How accurately do risk assessment tools/scales predict which adolescent and young adults will go on to self-harm in the future, make a future suicide attempt or die by suicide?

Methods

Search strategy

The following bibliographic databases were searched from inception to March 2018 with no language restrictions: MEDLINE, EMBASE, CINAHL, PsycINFO and Open Grey. Searches used index and free-text terms related to self-harm, suicide, adolescents and risk assessment. Terms were combined using the appropriate OR and AND operators (see MEDLINE search strategy in online supplementary appendix 1).

Supplemental material

Selection/inclusion criteria

Study design

Prospective and retrospective cohort studies, case–control studies and randomised controlled trials testing assessment tools.

Patient group

Adolescents and young people aged 10–25 who have self-harmed or attempted suicide who have presented to clinical services or have been treated by a clinician following an episode of self-harm or attempted suicide. Studies also containing older populations were included if data for 10–25 years were presented separately. Studies on a wider age range were included if the majority of the sample (>50%) had self-harmed or attempted suicide.

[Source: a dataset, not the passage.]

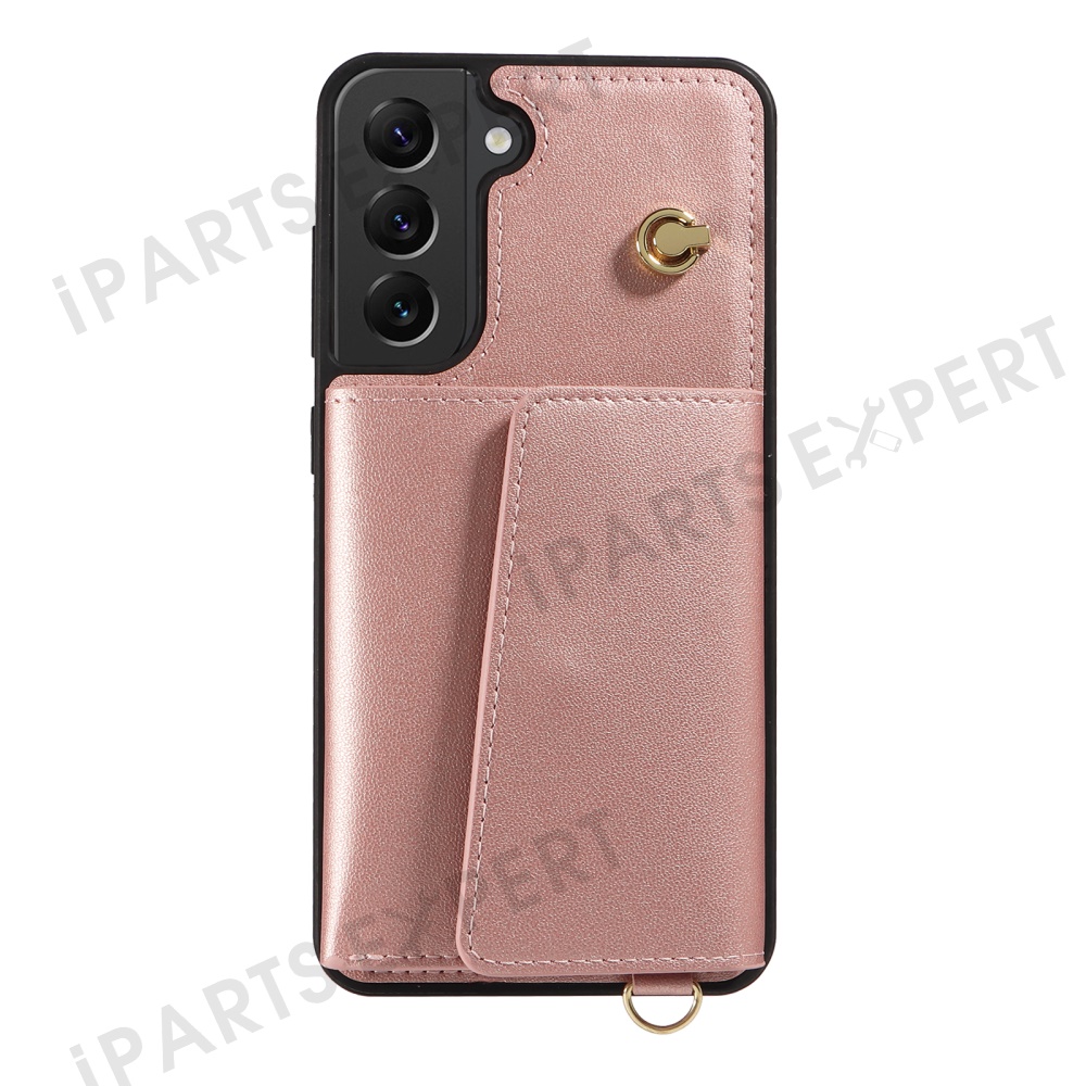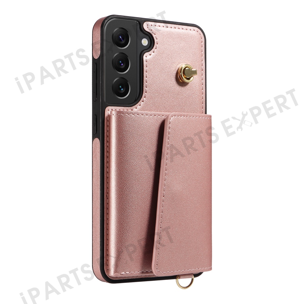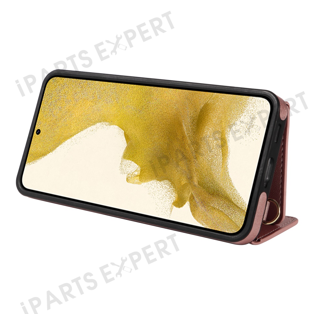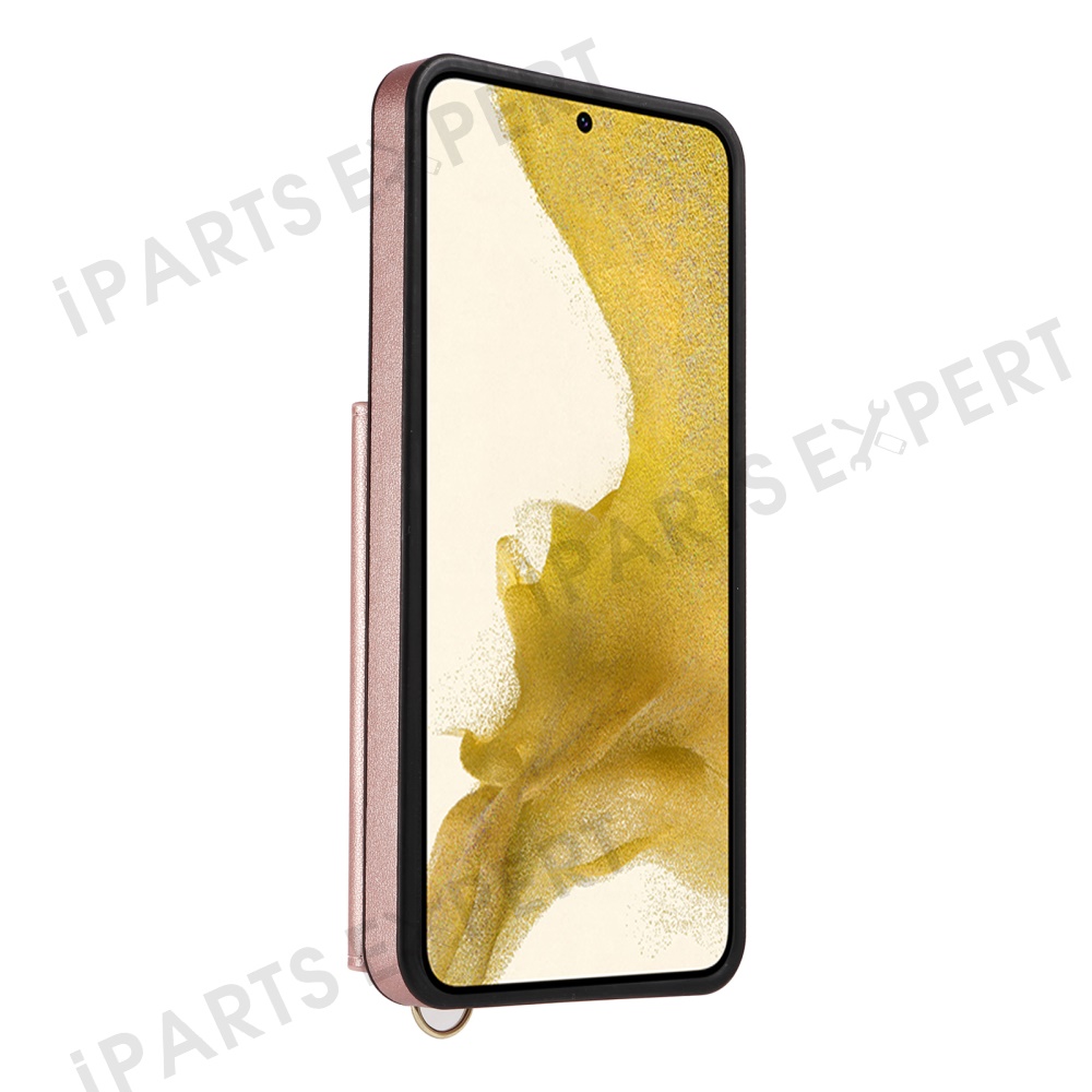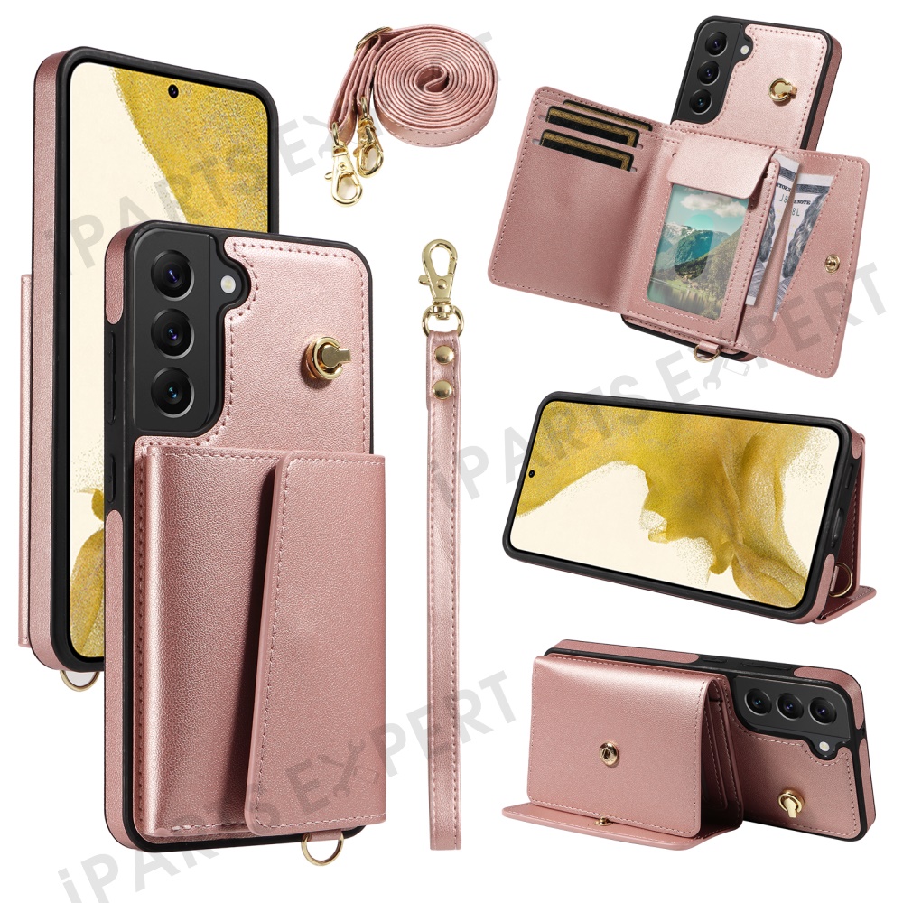 For Samsung Galaxy S22+ 5G Crossbody Phone Case Card Holder Kickstand Leather Coated TPU Mobile Cover - Rose Gold

WHO defines adolescence as being between 10 and 19 years28, however, in the literature the upper limit for adolescents can range from 18 to 25 years.1 In an attempt to include all relevant data in this review, reflecting this and that self-harm is rare before the age of 12, a broad range of 11–25 years will be included.29

Interventions

Any risk assessment.

Timing

No restriction was placed on length of follow-up so long as the outcomes occurred after the risk assessment was carried out.

Setting

Studies with the risk assessment carried out within a clinical setting or by a clinician were included. This could have been an inpatient or outpatient facility or as part of a home treatment programme.

Outcome

Self-harm and/or attempted suicide or completed suicide. It was acknowledged that these may be recorded individually or they may be grouped together (eg, repeat self-harm and attempted suicide may have been classed as the same event).

Study selection

Due to the large number of records, 10% of titles and abstracts were initially screened by two reviewers independently using predefined criteria based on the target population and outcome to identify potentially relevant articles. After discussion and consideration of reasons for any disagreements, the remaining titles and abstracts were screened by one reviewer.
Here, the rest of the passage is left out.